WHAT THE TASK REQUIRES – In the listing below, find the line with "already in place.)" and copy every line from there up to and including the line with "Vitaly Komar, formerly", exactly and without pictures.

INPUT RECORDS –
■ ■ ■ ■

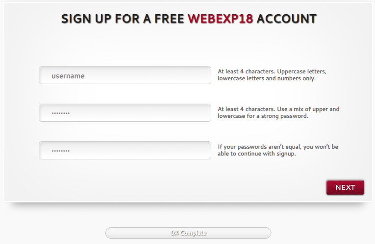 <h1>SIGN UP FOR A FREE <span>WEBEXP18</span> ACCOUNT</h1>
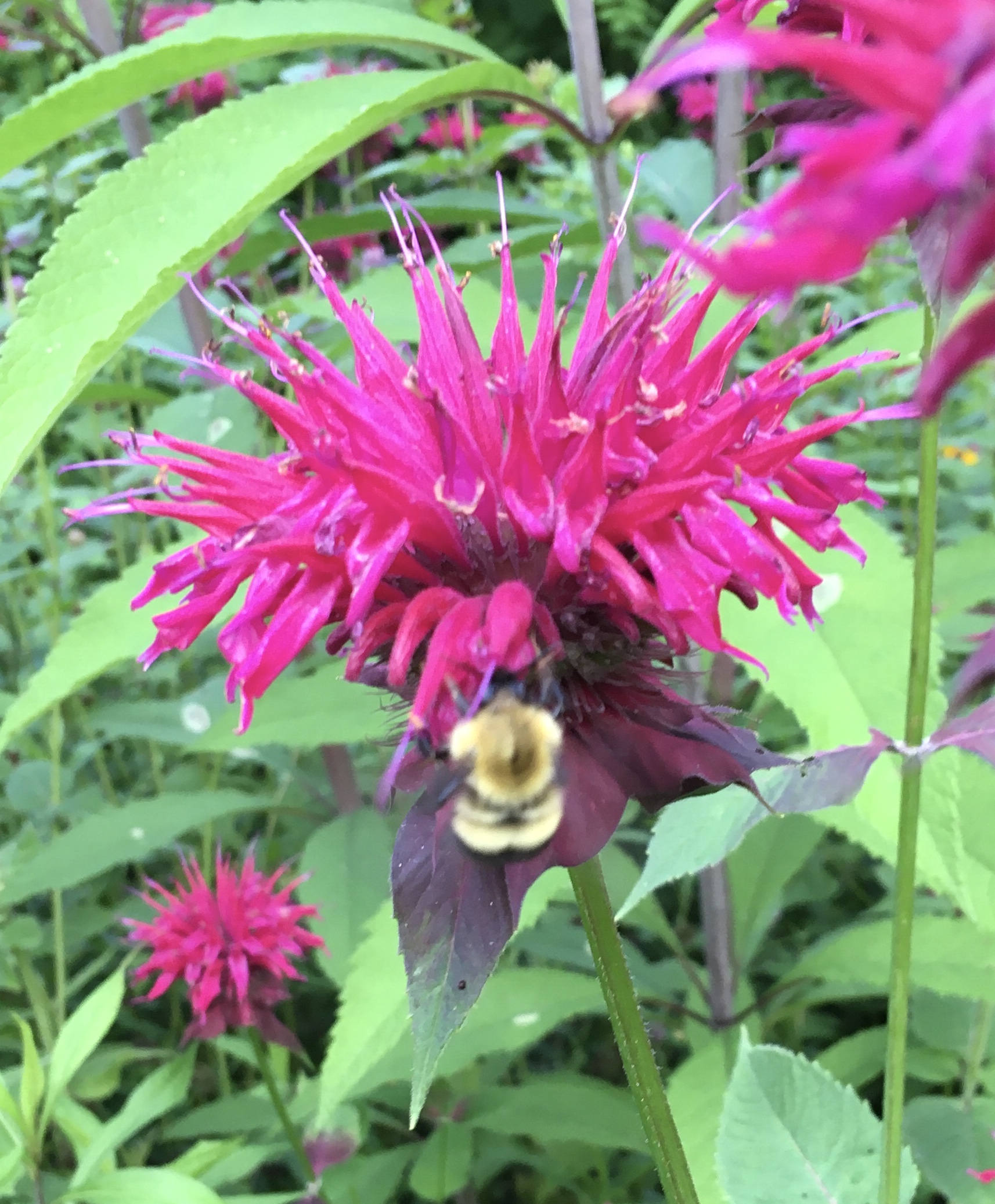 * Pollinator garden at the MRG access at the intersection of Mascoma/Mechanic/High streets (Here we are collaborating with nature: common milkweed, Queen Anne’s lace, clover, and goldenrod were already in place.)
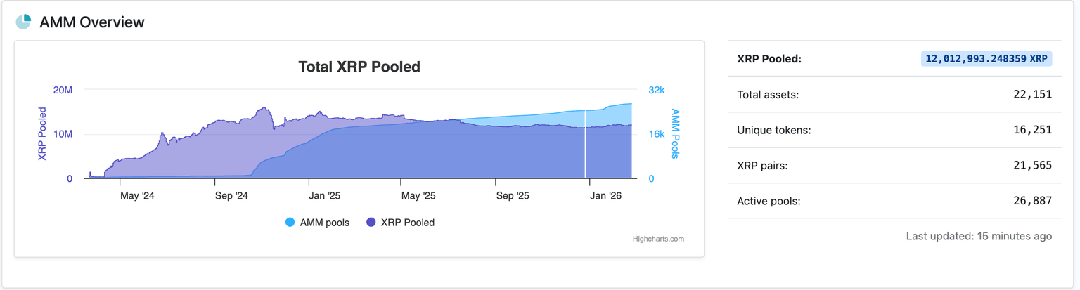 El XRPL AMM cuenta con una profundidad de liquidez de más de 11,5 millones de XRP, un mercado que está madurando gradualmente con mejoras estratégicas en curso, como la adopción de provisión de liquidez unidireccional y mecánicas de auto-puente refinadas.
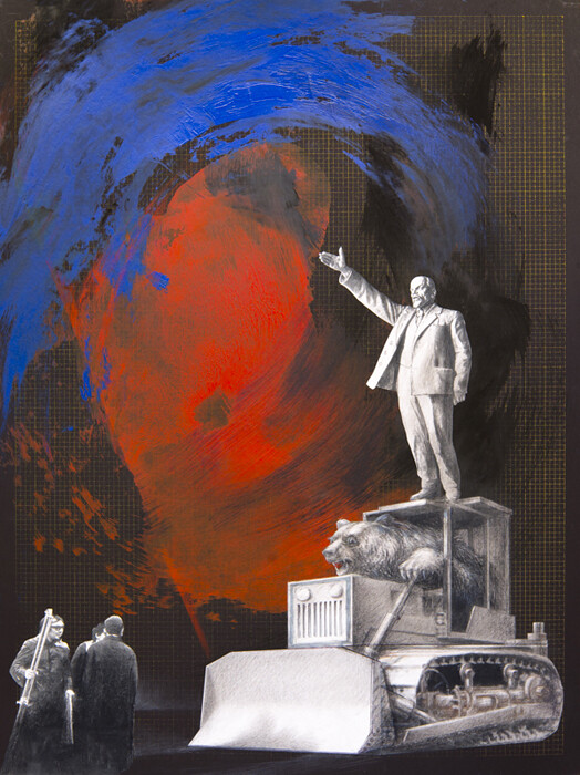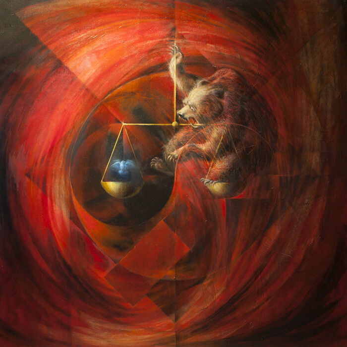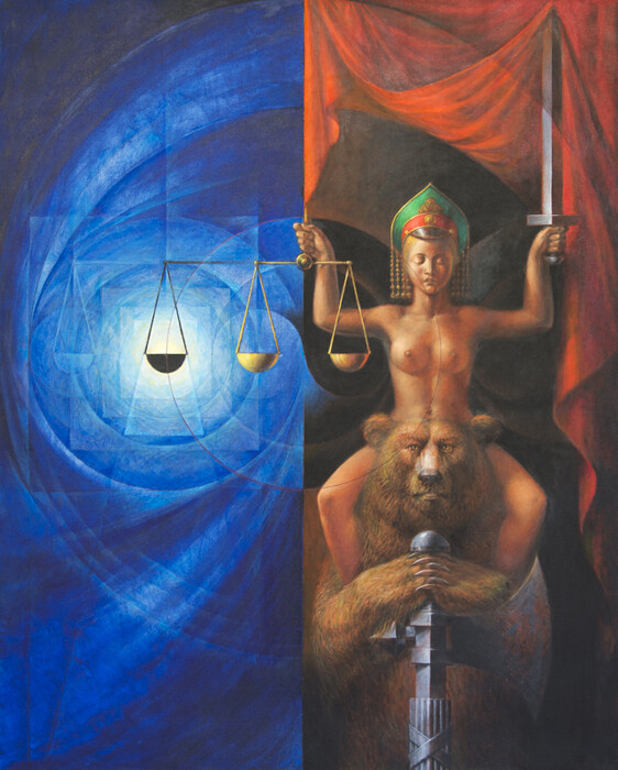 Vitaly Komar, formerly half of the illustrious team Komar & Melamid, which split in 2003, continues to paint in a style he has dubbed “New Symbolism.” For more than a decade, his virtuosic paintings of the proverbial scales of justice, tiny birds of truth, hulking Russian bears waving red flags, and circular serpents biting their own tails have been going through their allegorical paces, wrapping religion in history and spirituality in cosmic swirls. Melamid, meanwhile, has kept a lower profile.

■ ■ ■ ■

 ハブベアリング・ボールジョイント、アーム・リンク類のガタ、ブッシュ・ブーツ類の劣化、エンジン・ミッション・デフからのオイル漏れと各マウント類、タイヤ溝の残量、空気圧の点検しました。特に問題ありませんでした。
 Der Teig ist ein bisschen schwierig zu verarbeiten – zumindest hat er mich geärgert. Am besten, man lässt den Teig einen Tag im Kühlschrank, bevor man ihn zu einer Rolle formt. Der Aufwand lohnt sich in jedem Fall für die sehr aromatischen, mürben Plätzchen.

■ ■ ■ ■

TASK SOLUTION –
 * Pollinator garden at the MRG access at the intersection of Mascoma/Mechanic/High streets (Here we are collaborating with nature: common milkweed, Queen Anne’s lace, clover, and goldenrod were already in place.)
 El XRPL AMM cuenta con una profundidad de liquidez de más de 11,5 millones de XRP, un mercado que está madurando gradualmente con mejoras estratégicas en curso, como la adopción de provisión de liquidez unidireccional y mecánicas de auto-puente refinadas.
 Vitaly Komar, formerly half of the illustrious team Komar & Melamid, which split in 2003, continues to paint in a style he has dubbed “New Symbolism.” For more than a decade, his virtuosic paintings of the proverbial scales of justice, tiny birds of truth, hulking Russian bears waving red flags, and circular serpents biting their own tails have been going through their allegorical paces, wrapping religion in history and spirituality in cosmic swirls. Melamid, meanwhile, has kept a lower profile.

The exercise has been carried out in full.